EXERCISE:
Every line below needs to be printed again exactly, without any of its pictures.

RECORDED DATA:
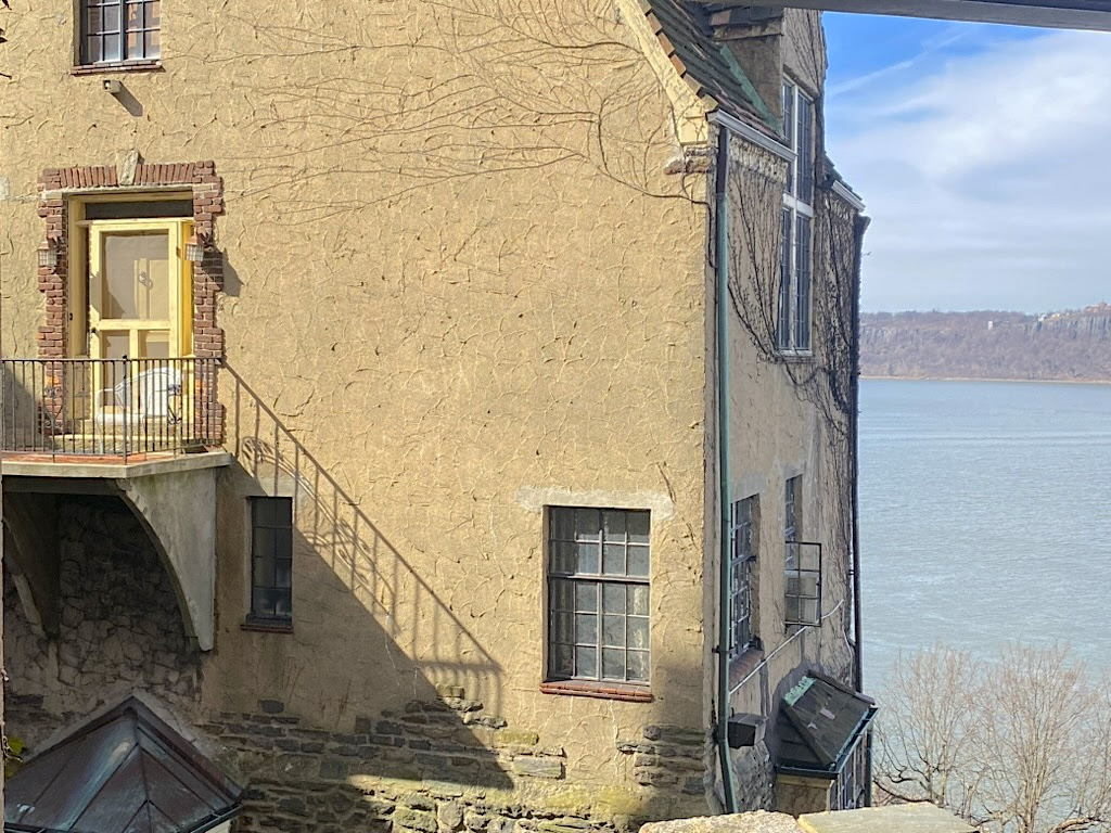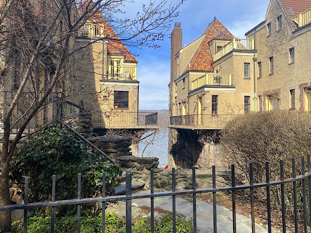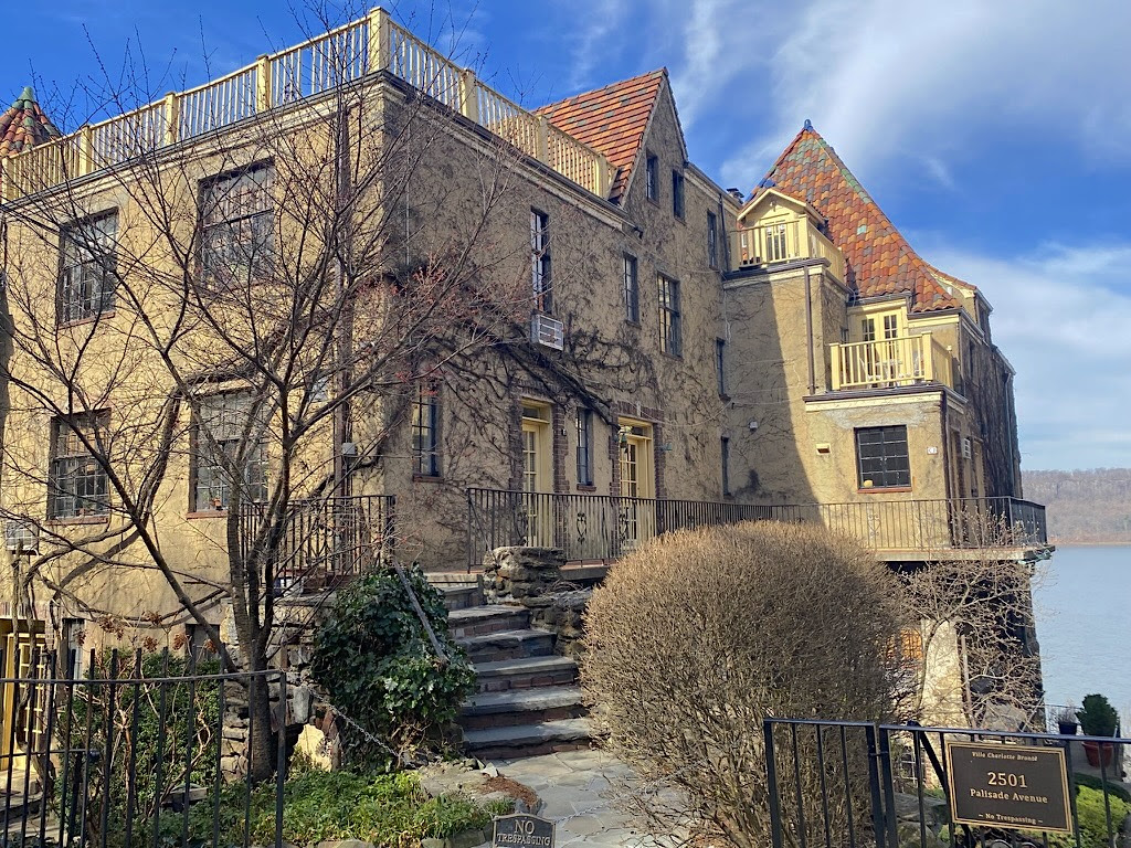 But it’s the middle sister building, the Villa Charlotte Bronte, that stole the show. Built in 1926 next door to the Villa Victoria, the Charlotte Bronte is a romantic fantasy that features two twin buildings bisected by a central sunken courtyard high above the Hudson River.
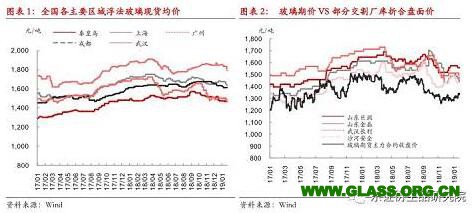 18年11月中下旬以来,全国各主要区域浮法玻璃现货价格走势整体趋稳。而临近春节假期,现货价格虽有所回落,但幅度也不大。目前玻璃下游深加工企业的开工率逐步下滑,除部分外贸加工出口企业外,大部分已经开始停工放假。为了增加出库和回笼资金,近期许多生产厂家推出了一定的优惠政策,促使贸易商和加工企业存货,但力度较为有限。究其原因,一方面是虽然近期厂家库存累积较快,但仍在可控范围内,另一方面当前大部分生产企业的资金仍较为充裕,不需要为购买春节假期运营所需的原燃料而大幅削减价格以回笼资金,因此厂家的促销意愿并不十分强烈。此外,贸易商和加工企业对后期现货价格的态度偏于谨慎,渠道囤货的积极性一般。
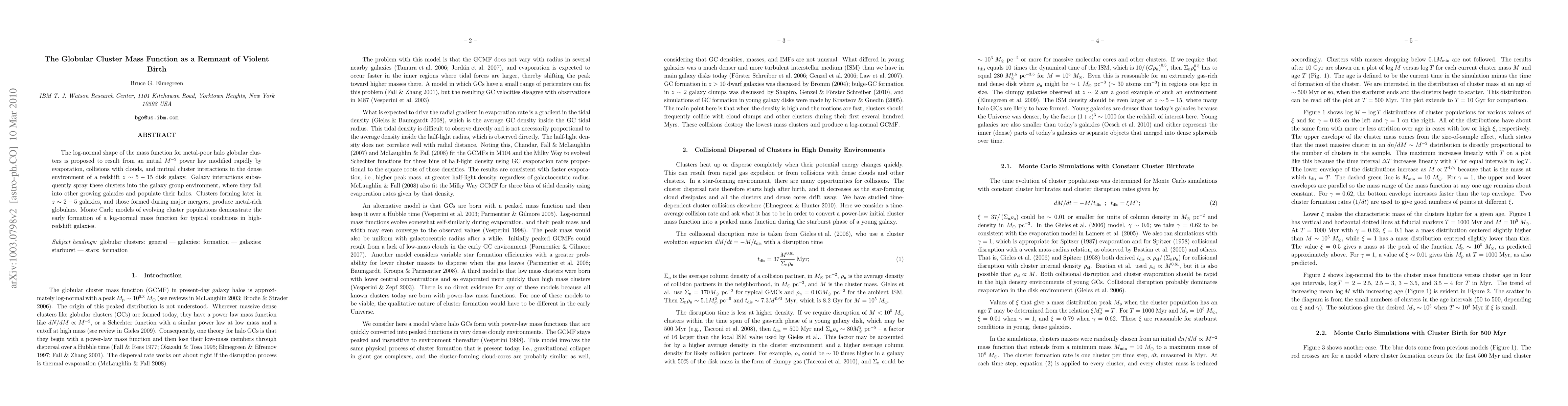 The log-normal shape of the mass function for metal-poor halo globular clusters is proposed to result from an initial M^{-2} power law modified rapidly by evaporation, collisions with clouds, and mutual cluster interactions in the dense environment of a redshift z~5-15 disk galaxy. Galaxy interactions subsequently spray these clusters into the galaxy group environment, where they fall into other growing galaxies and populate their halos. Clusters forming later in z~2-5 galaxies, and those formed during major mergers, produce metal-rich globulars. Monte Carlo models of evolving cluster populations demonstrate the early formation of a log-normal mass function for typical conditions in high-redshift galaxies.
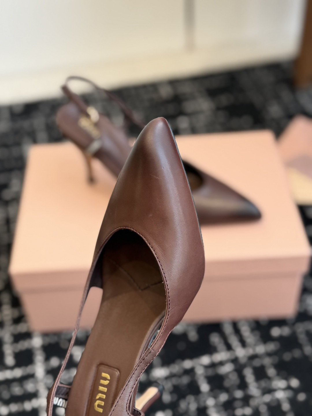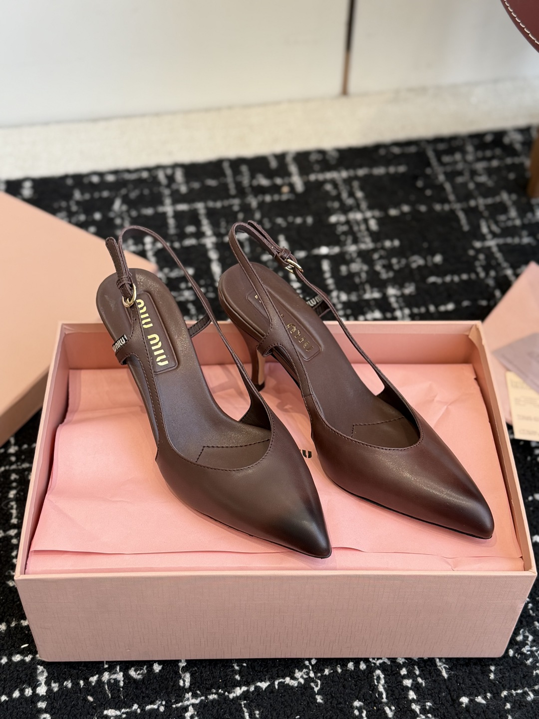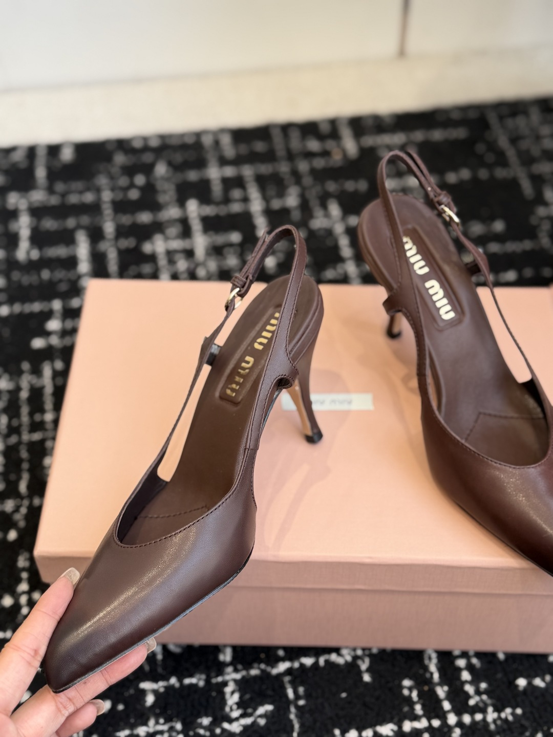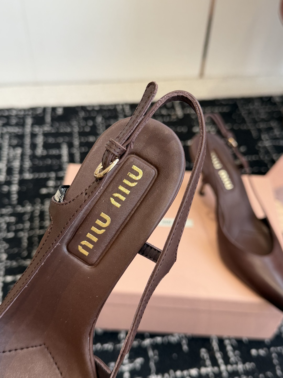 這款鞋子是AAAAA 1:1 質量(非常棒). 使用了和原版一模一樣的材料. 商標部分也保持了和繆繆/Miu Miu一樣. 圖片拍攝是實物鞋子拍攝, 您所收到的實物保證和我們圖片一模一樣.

COMPLETED TASK:
 But it’s the middle sister building, the Villa Charlotte Bronte, that stole the show. Built in 1926 next door to the Villa Victoria, the Charlotte Bronte is a romantic fantasy that features two twin buildings bisected by a central sunken courtyard high above the Hudson River.
 18年11月中下旬以来,全国各主要区域浮法玻璃现货价格走势整体趋稳。而临近春节假期,现货价格虽有所回落,但幅度也不大。目前玻璃下游深加工企业的开工率逐步下滑,除部分外贸加工出口企业外,大部分已经开始停工放假。为了增加出库和回笼资金,近期许多生产厂家推出了一定的优惠政策,促使贸易商和加工企业存货,但力度较为有限。究其原因,一方面是虽然近期厂家库存累积较快,但仍在可控范围内,另一方面当前大部分生产企业的资金仍较为充裕,不需要为购买春节假期运营所需的原燃料而大幅削减价格以回笼资金,因此厂家的促销意愿并不十分强烈。此外,贸易商和加工企业对后期现货价格的态度偏于谨慎,渠道囤货的积极性一般。
 The log-normal shape of the mass function for metal-poor halo globular clusters is proposed to result from an initial M^{-2} power law modified rapidly by evaporation, collisions with clouds, and mutual cluster interactions in the dense environment of a redshift z~5-15 disk galaxy. Galaxy interactions subsequently spray these clusters into the galaxy group environment, where they fall into other growing galaxies and populate their halos. Clusters forming later in z~2-5 galaxies, and those formed during major mergers, produce metal-rich globulars. Monte Carlo models of evolving cluster populations demonstrate the early formation of a log-normal mass function for typical conditions in high-redshift galaxies.
 這款鞋子是AAAAA 1:1 質量(非常棒). 使用了和原版一模一樣的材料. 商標部分也保持了和繆繆/Miu Miu一樣. 圖片拍攝是實物鞋子拍攝, 您所收到的實物保證和我們圖片一模一樣.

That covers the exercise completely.